:: STORED DATA ::
____

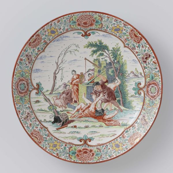 This saucer, likely made in Europe, features a mythological image based on the element fire, painted onto delicate porcelain. Porcelain itself is a fascinating material. Made from kaolin clay and fired at incredibly high temperatures, it vitrifies into a smooth, almost glass-like substance. The decoration is applied over the fired glaze, layer upon layer, each requiring separate firing. This painstaking process demanded skilled artisans, working within a highly structured workshop system. The scene depicted is fascinating, with its classical figures and allegorical elements. The painted decoration has a naïve, playful quality, a kind of misinterpretation of classical subject matter. The labor involved in the production of porcelain, from mining the clay to the final firing, often goes unnoticed when we focus solely on the image it carries. Considering the amount of work involved reminds us that even the most decorative objects are rooted in the realities of labor, trade, and the complex social dynamics of their time.
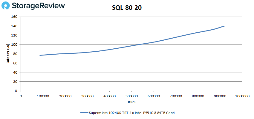 Trong khi đó với SQL 80-20, 1024US-TRT đạt đỉnh 918K IOPS với độ trễ 138μs.
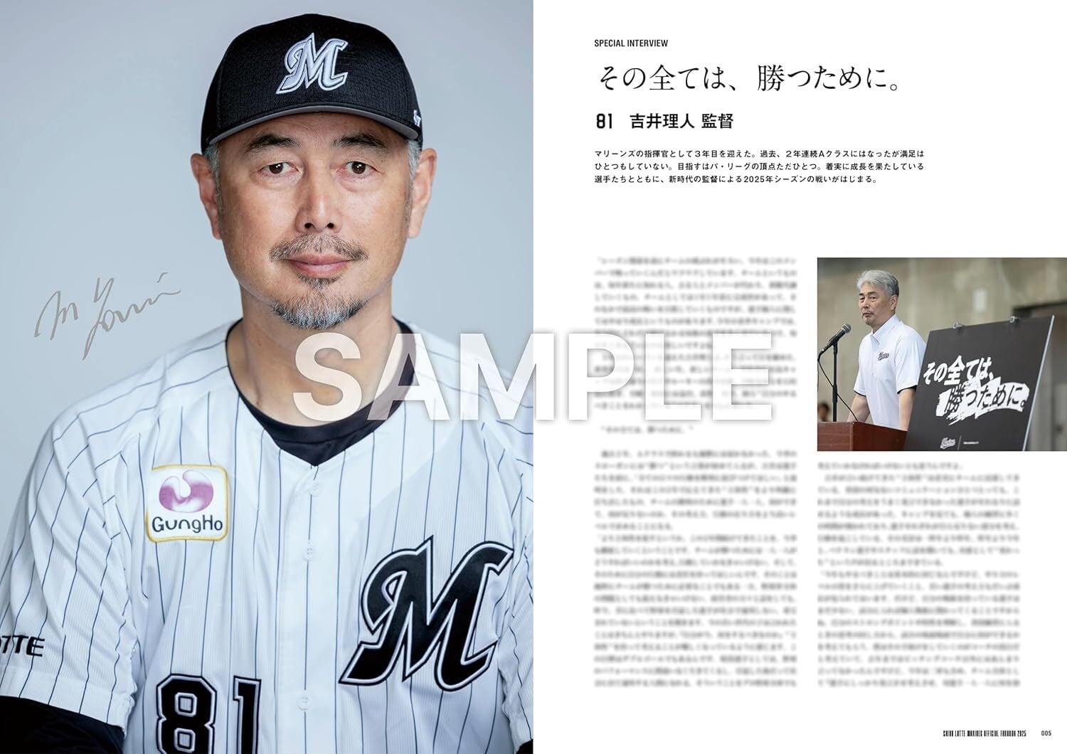 昨年のイヤーブックから80ページ増の全208ページの大ボリュームでリニューアル。マリーンズに所属する全選手*のポートレートをオリジナルで撮り下ろしています(*2025年3月時点)。
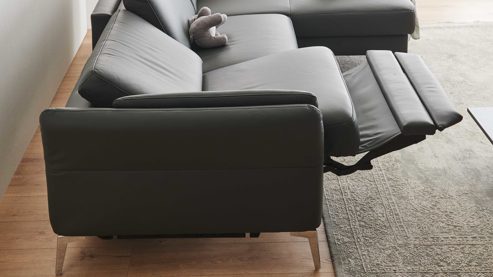 Bei der WallAway-Funktion fährt die Beinauflage auf Sitzhöhe, während sich der Sitz parallel einige Zentimeter nach oben und nach vorne bewegt. So nehmen Sie eine besonders angenehme Relax-Position ein, die sich stufenlos bis zur Liegeposition verstellen lässt. Der entscheidende Vorteil: Der Rücken des Sofas bleibt während der gesamten Bewegung dauerhaft wandfrei – daher der Name WallAway.

____

:: TASK TO CARRY OUT ::
The lines running from the beginning of the listing above through the line that holds "昨年のイヤーブックから80ペ" are to be duplicated exactly, both ends kept, pictures omitted.

:: ANSWER AREA ::
 This saucer, likely made in Europe, features a mythological image based on the element fire, painted onto delicate porcelain. Porcelain itself is a fascinating material. Made from kaolin clay and fired at incredibly high temperatures, it vitrifies into a smooth, almost glass-like substance. The decoration is applied over the fired glaze, layer upon layer, each requiring separate firing. This painstaking process demanded skilled artisans, working within a highly structured workshop system. The scene depicted is fascinating, with its classical figures and allegorical elements. The painted decoration has a naïve, playful quality, a kind of misinterpretation of classical subject matter. The labor involved in the production of porcelain, from mining the clay to the final firing, often goes unnoticed when we focus solely on the image it carries. Considering the amount of work involved reminds us that even the most decorative objects are rooted in the realities of labor, trade, and the complex social dynamics of their time.
 Trong khi đó với SQL 80-20, 1024US-TRT đạt đỉnh 918K IOPS với độ trễ 138μs.
 昨年のイヤーブックから80ページ増の全208ページの大ボリュームでリニューアル。マリーンズに所属する全選手*のポートレートをオリジナルで撮り下ろしています(*2025年3月時点)。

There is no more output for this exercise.